American Born Chinese - Gene Luen Yang

"My momma says Chinese people eat dogs."
"Now be nice, Timmy! I'm sure Jin doesn't do that! In fact, Jin's family probably stopped that sort of thing as soon as they came to the United States!"

In the third grade, Jin Wang moved from his home near Chinatown, and went from having several Chinese friends to being the only Chinese kid in school. (Unless you count Suzy Nakamura ... who is, of course, Japanese.) Jin is suddenly confronted with stereotypes and prejudice, a situation which isn't helped when Wei-Chen Sun shows up a few months later.

The Monkey King of Flower-Fruit Mountain is ridiculed by the rest of the deities because he's a monkey, and so he gives them a good beating with his kung-fu. Then he sheds his monkey appearance and dubs himself the Great Sage, seeking to be recognized as a deity. He's got an uphill battle to fight.

Danny's an all-American boy who dreads visits from his cousin Chin-Kee, the ultimate Chinese stereotype. He mixes his Ls and Rs and talks about binding the feet of the "pletty Amellican girl wiff bountiful Amellican bosom." He comes to visit every year and ruins Danny's social life, and then Danny flees to a new school.

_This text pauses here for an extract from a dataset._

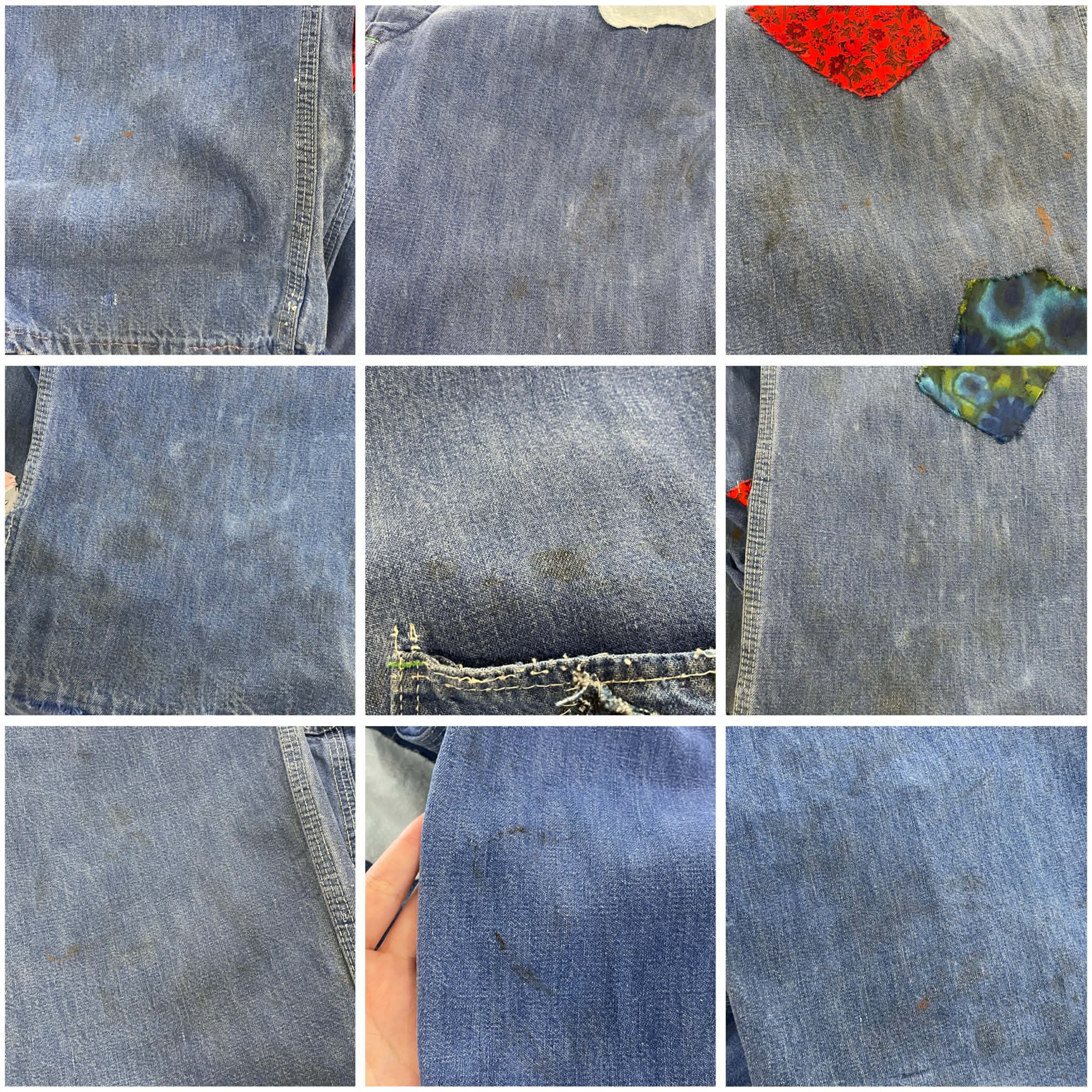 また全体的にシミや汚れ・デニム特有の色落ちや擦れ・ステッチホツレ・穴や破れがございますが、味として着ていただけるかと思います。(似たようなダメージ画像は一部省略しております。)

Yang masterfully jumps between these three tales and then weaves them together in an unexpected twist. He exposes stereotypes about Asian Americans and plays with them at the same time. The illustrations are excellent, with bold lines and a cartoony quality that's especially great for the Monkey King sequences. Jin's predicaments were particularly poignant to me; he wants so much to be "American" but thinks he needs to stop being Chinese to do so.

I really enjoyed this book, and I might need to get myself a copy eventually.